The current World Health Organization classification recognizes four categories of endometrial stromal tumor: endometrial stromal nodule (ESN), low-grade endometrial stromal sarcoma (LG-ESS), high-grade endometrial stromal sarcoma (HG-ESS), and UUS [3]. Clinical manifestations often overlap with benign gynecological conditions, including abnormal uterine bleeding, pelvic pain, or rapidly enlarging uterine masses [4].
This case report documents an unusual presentation of uterine spindle cell sarcoma with lower gastrointestinal (GI) bleeding and discusses the challenges of diagnosis and management.
Case presentation
A 79-year-old woman with a past medical history of hypertension and paroxysmal atrial fibrillation presented to the gastroenterology clinic with a six-month history of intermittent lower GI bleeding, constipation, weight loss, and generalized fatigue. Her symptoms had worsened recently, prompting a referral for further evaluation.
Colonoscopy showed a fungating, infiltrative, and ulcerated mass in the sigmoid colon (Figure 1), approximately 26 cm from the anal verge.
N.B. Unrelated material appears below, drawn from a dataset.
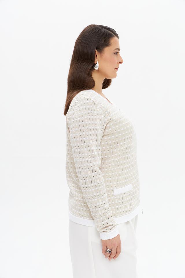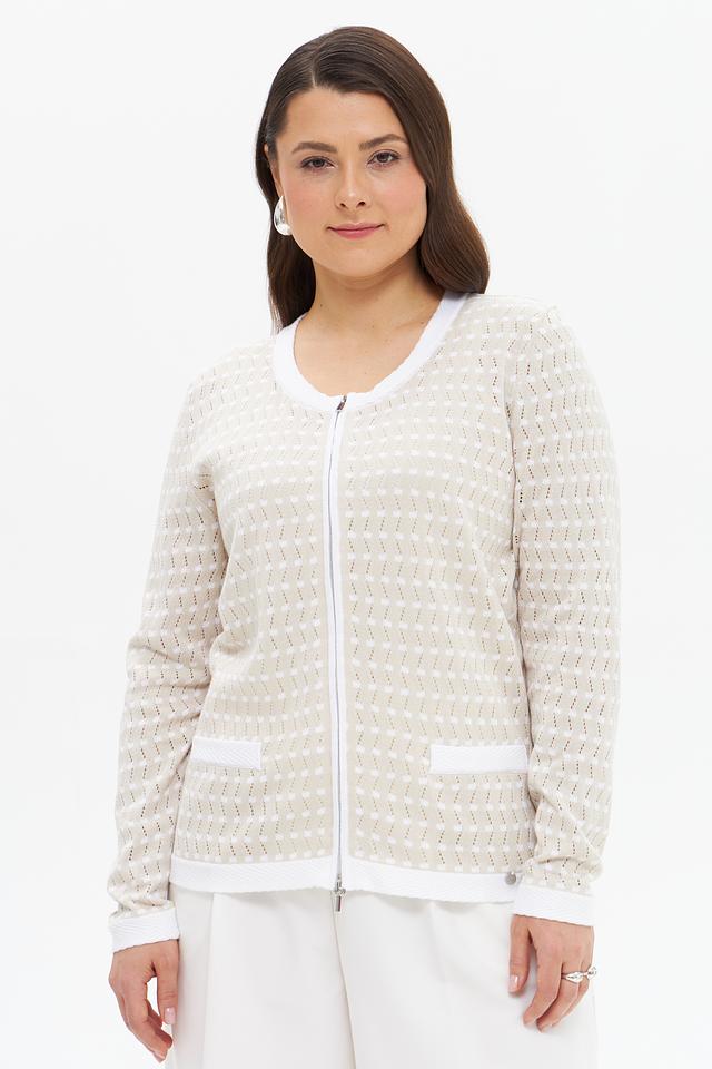 Бежевый жакет Gollehaug с геометрическим узором и белой отделкой станет стильным дополнением к вашему гардеробу. Модель застегивается на молнию и имеет короткую длину, что делает ее универсальной для создания различных образов. Состав: хлопок 50%, полиакрил 50%

The lesion was partially circumferential, involving one-third of the luminal circumference without causing obstruction. Biopsies were obtained.
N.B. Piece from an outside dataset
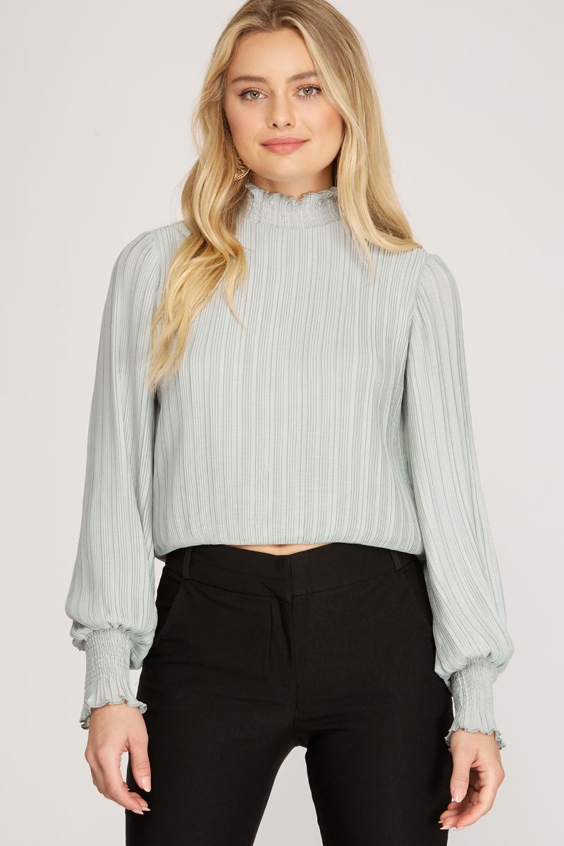SEAFOM PLEATED SMOCKED MOCK NECK TOP

Colonoscopy images showing a fungating, infiltrative, and ulcerated mass in the sigmoid colon
Histopathology and immunohistochemistry
Biopsy analysis showed a high-grade, poorly differentiated spindle cell malignant neoplasm with features suggestive of sarcoma. Tumor cells infiltrated benign colonic mucosa (Figure 2). Immunohistochemical staining showed positivity for GATA3, PAX8 (weak to moderate), beta-catenin (nuclear expression), MDM2 (some positive cells), and calretinin. The tumor displayed limited expression of smooth muscle actin (SMA) (Figure 3), desmin (Figure 4), WT1, synaptophysin, p40, and p16, with negativity for CK20, CDX2, and BAP1. This immunohistochemical profile supported the diagnosis of uterine sarcoma with spindle cell morphology.
H&E-stained tissue section showing high-grade malignant tumor spindle cells infiltrating benign colonic mucosaH&E: Hematoxylin and eosin
Positive focal SMA stain from the obtained tissue SMA: Smooth muscle actin
Positive focal desmin stain from the obtained tissue
Imaging
A contrast-enhanced CT scan of the abdomen and pelvis revealed a large pelvic mass, likely a conglomeration of the abnormal sigmoid colon and uterus, with possible fistulous communication (Figure 5). The mass compressed the left ureter, resulting in moderate hydronephrosis, and a 2.3 cm indeterminate nodule was noted on the right adrenal gland. No regional lymphadenopathy or definitive signs of distant metastasis were observed.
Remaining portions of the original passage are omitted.